La Bergère – « Fi de l’eau »



Je ne cache pas que c'est avec une joie sans faille que je tiens dans mes mains ce nouvel album de La Bergère, alias Sylvie Berger et ses deux complices Julien Biget à la guitare et Emmanuel Pariselle à l'accordéon diatonique. Il faut dire que le premier album de La Bergère fut déjà une telle réussite qu'on attendait le second avec impatience. Et le voici maintenant, intitulé "Fi de l'eau", et il ne déçoit absolument pas, bien au contraire !

Ça commence très fort avec "Fi de l'eau", la chanson qui donne son nom à l'album. Des couplets découpés dans la dentelle d'harmonie alternés d'un refrain imparable abonné aux changements de tempo, le tout additionné de paroles de Gabriel Yacoub de la meilleure eau, voilà une excellente entrée en matière.

"La limonade", très courte, mais par Dick Annegarn s'il vous plaît, donne ensuite un bref aperçu du talent a cappella du trio vocal Berger/Biget/Pariselle.

Retour aux paroles de Gabriel Yacoub avec "La dame ira les ramasser", en forme de valse amère, mais pas seulement. Car Gabriel Yacoub y joue aussi d'un instrument à cordes inhabituel dans nos contrées et au son étonnant, l'autoharpe.

"Le prix des roses", signée Roland Topor, Estelle Amsellem et Alain Bruel, ce dernier y jouant de l'accordéon chromatique, fait aussi appel à Yannick Hardouin à la basse. Et cela donne une chanson aux mots doux-acides baignés d'un superbe entrelacs partitionnel.

"Saint-Jean" (Les demandes impossibles) est possiblement le sommet de l'album, pour peu qu'on puisse en désigner un. Mais pour le coup tout le monde est là, Yannick Hardouin à la basse, Gabriel Yacoub à l'autoharpe, Gilles Chabenat à la vielle, Willy Soulette à la cornemuse 16 pouces et même Marie Sauvet (l'ancienne Marie Yacoub de Malicorne) dans les choeurs. Rien à redire, la mélodie est la fois solide et lumineuse, et on se prend tout de suite à la fredonner frénétiquement. Sans compter que Gabriel Yacoub nous a pondu là une merveille de texte parfois à la limite du pur plaisir des sonorités de mots. Et si vous écoutez bien les dernières paroles de la chanson, vous sourirez largement en entendant "Une branche de chasse-diable et La Bergère à l'Elysée"... Héhéhé !
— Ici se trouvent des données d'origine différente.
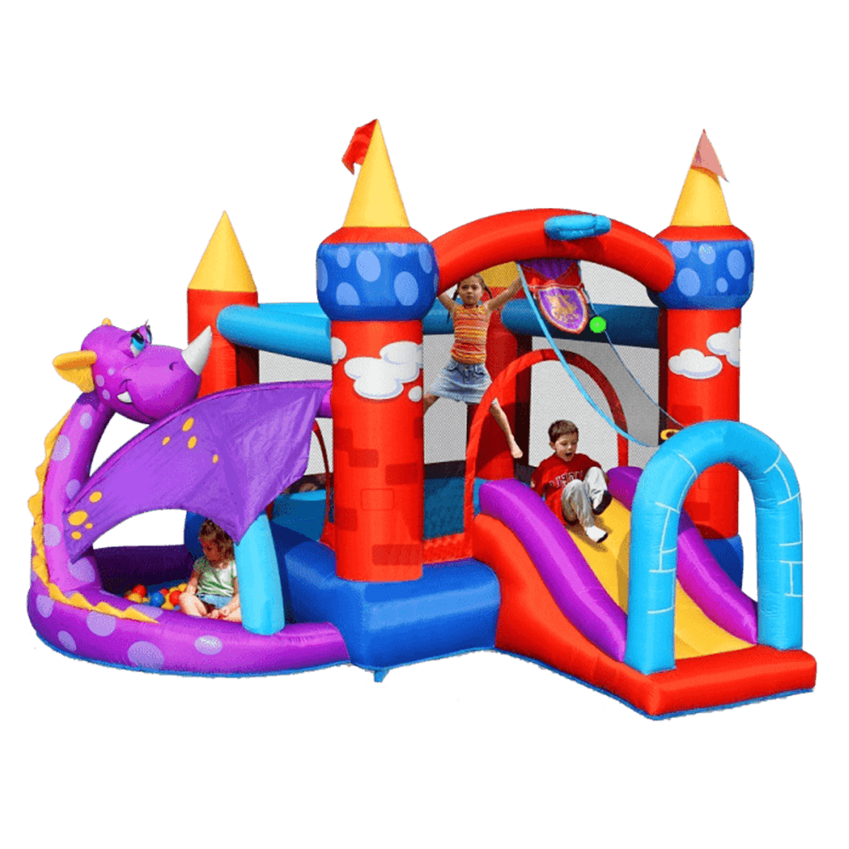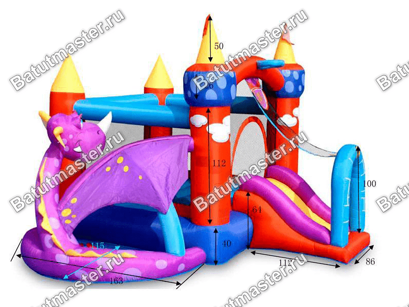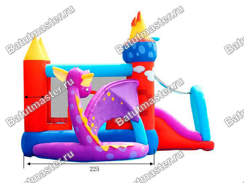 Необычный батут с добрым драконом, горкой и двумя площадками.
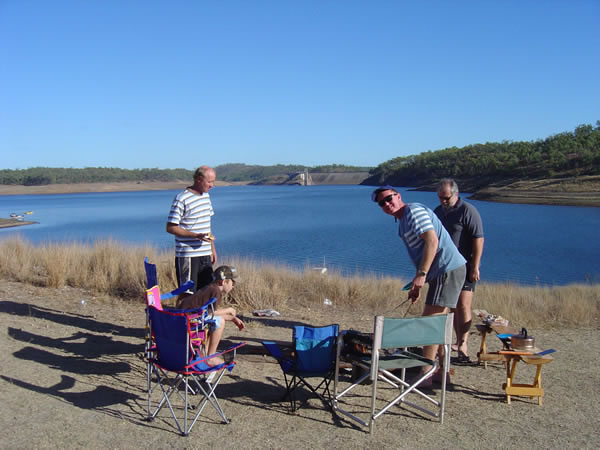 Boondooma Dam, Lake and Campgrounds, QueenslandYou can't beat cooking on an open fire with a view like this!!! The rule is you must have bacon and eggs for breakfast of course when you are camping. The guys all have to stand around and poke and prod to make sure it is cooking just right. Previous | Album | Next |
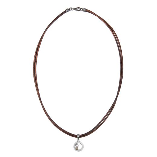 WN253X Collar Plata de Palo mujer de cuero colección ENSO con colgante círculo de plata 925 y un punto de bronce con circonita
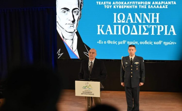 Ο υπουργός Εθνικής ‘Αμυνας Νίκος Δένδιας παρέστη, σήμερα, Κυριακή 1η Φεβρουαρίου, στην τελετή αποκαλυπτηρίων του ανδριάντα του Ιωάννη Καποδίστρια στην Αργυρούπολη και στην τελετή της μετονομασίας της πλατείας Δημαρχείου σε πλατεία Κυβερνήτη Ιωάννη Καποδίστρια.
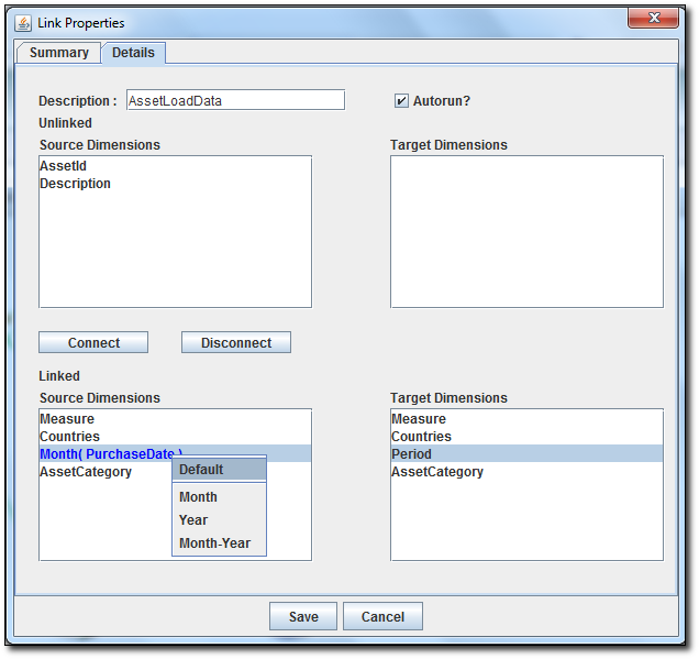 To dynamically map the transaction model date field with a cube model period dimension containing only month or only year or month and year, first connect the two dimensions as described above, and then in the left linked source list, right click on the date field, and from the menu list select either MONTH, YEAR or MONTH-YEAR as the format. The date field will be highlighted in blue with the format requested.
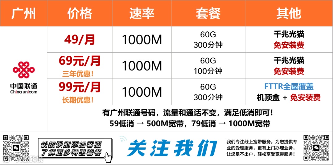 1️⃣广州联通老用户(不改原套餐)国庆限时免安装
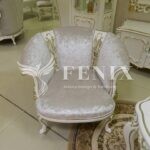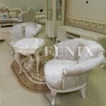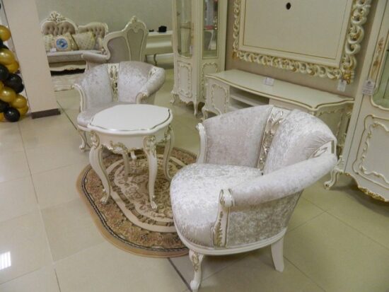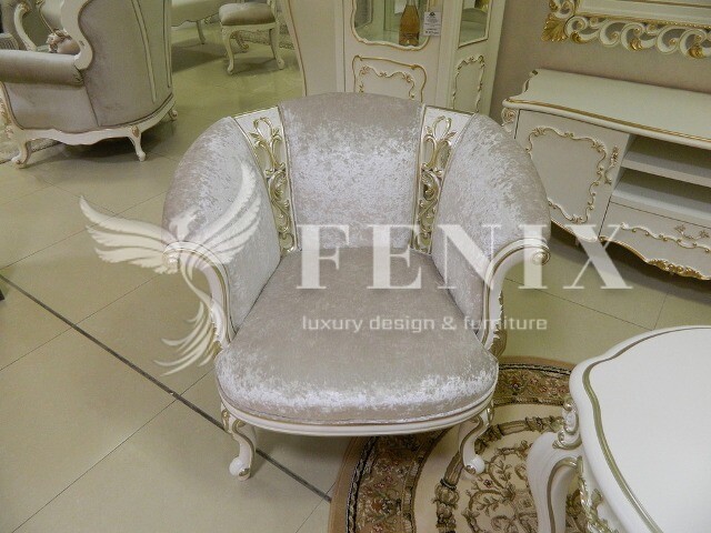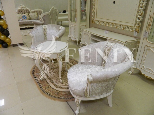 Чайный комплект мебели выполнен из массива натурального дерева и МДФ в белом цвете с золотой патиной. Мягкие кресла выполнены из мягкого красивого велюра в белом или бежевом цвете. Маленький приставной столик небольшого размера тоже можна подобрать такой как на фото или выбрать подобную модель.
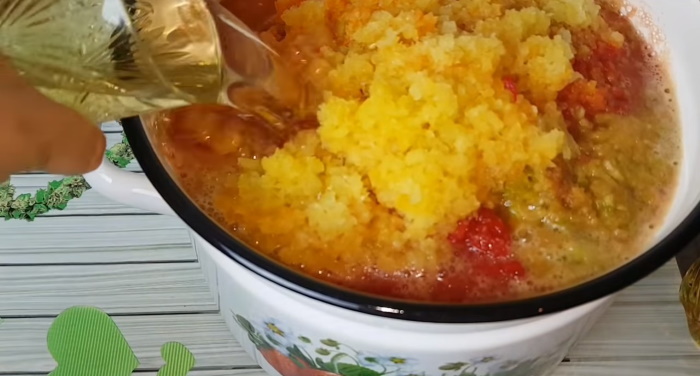 2. Заготівлю перекладаємо у велику ємність, вливаємо олію, розмішуємо і ставимо на варильну поверхню. Після того, як суміш почне кипіти, зменшуємо полум’я і тушкуємо з періодичним перемішуванням 50 хвилин.
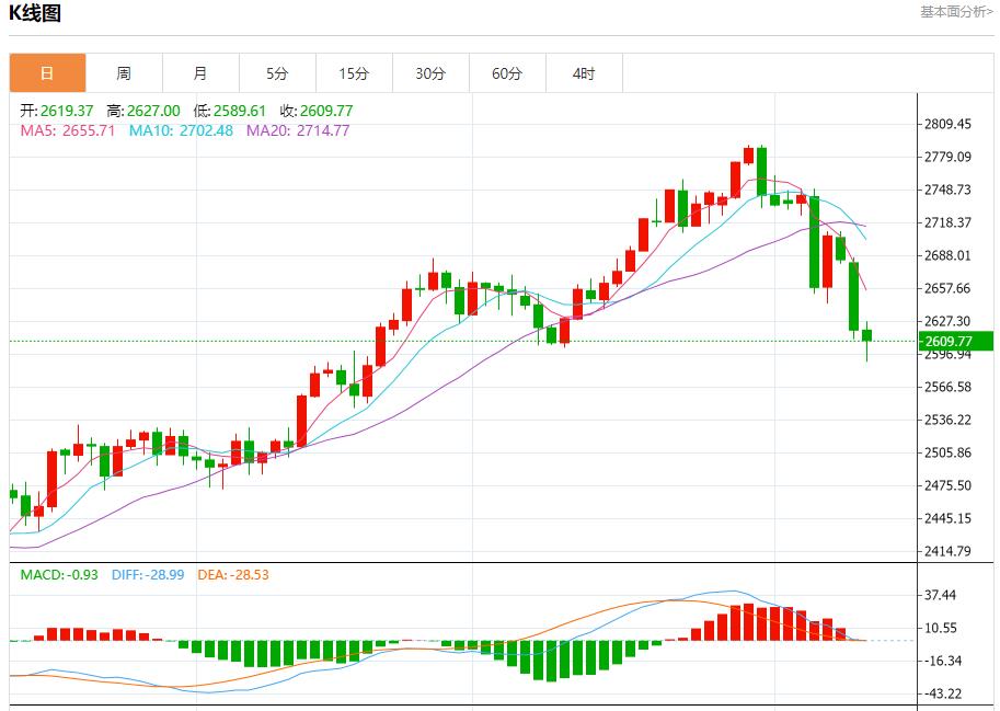 现货黄金:截止北京时间21:20,现货黄金下跌,现报2608.38,跌幅0.42%。纽市盘前,黄金价格恢复其负交易,以成功实现我们在2604.00美元的扩展目标,注意到价格正在攻击看涨趋势线,以暗示在日内和短期基础上实现更多下跌,这促使根据2597.00美元的支撑线监控价格,因为确认突破将推动价格向2555.00美元区域反弹,作为下一个负站。
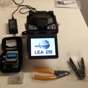 – La soudeuse est utilisée pour relier deux fibres optiques bout à bout à l’aide de la chaleur, pour fondre ensemble les deux fibres de telle sorte que la lumière passant à travers les fibres ne sont pas dispersées ou réfléchie par l’épissure, et de sorte que l’épissure et la région qui l’entoure sont presque aussi fortes que la fibre vierge.
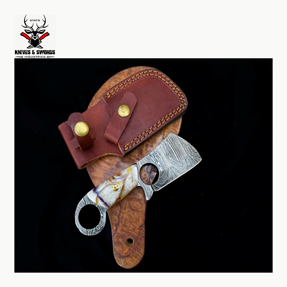 Condition: A brand-new, unused, unopenedOverall: 14 InchesBlade Length: 9 InchesHandle: 5 InchesBlade Pattern: TwistColor: BlackBlade Edge: StraightSet Includes: Butcher Knife, Knife SheathMaterial: Damascus SteelFood Compatibility: Meat, VegetablesMaking Method: ForgedFeatures: Non-Stick, Reusable, Rust Resistant, With Handles, with SheathHandle Material: Rose wood
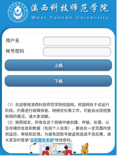 注:如果移动端(如手机)设置了拦截功能,则认证页面会被拦截,无法自动弹出,请在浏览器地址栏中直接输入下面的地址进行认证,校园网认证地址为:http://net.wynu.edu.cn:8080/。

(Et puis) "Elle allait" suit "Twice", un bel instrumental, et s'avance sous la clarinette de Frédéric Paris avec un air joliment grave et des paroles de Gabriel Yacoub parmi les plus magnifiquement alambiquées jusqu'ici.

"La rivière" coule sous la basse de Yannick Hardouin en un lent flot de texte affligé encore une fois de Gabriel Yacoub, mais mis en musique cette fois, et délicatement, par Julien Biget.

Sylvie Berger en revient à un ton plus gai avec "Les fruits rouges", écrit par Gabriel et mis en partition par Yannick. Curieuse mélopée tout de même que celle-ci, à l'allure subtilement désaccordée et au rythme savamment bancal. Et le fait que Julien joue ici du bouzouki, et non de la guitare, et qu'Emmanuel ait troqué son accordéon pour un concertina ne fait que rajouter à l'impression d'amusante étrangeté de ce petit bijou.

"Si tu lisais", écrite par Jacques Paris et menée par la basse alanguie de Yannick Hardouin et la clarinette flâneuse de Frédéric Paris, est une ballade originale et paisible au-delà de la mort.

"Retournons à la maison" est possiblement l'autre sommet de l'album. Une mélodie joliment sinueuse distillant un climat d'une attachante langueur au gré du texte de Gabriel Yacoub et de la guitare de Julien Biget, sans compter le chant de la vielle de Gilles Chabenat, et nous voici dans Lyon à la recherche de l'amour, ou d'autre chose. Plaisante odyssée urbaine et humaine qu'on aimerait sans fin.

Changement radical de style avec "Quand je serai grande", d'Emmanuel Pariselle. Tout l'univers de l'école et de l'enfance à travers la vision d'une gamine, humour et pique pour les garçons compris.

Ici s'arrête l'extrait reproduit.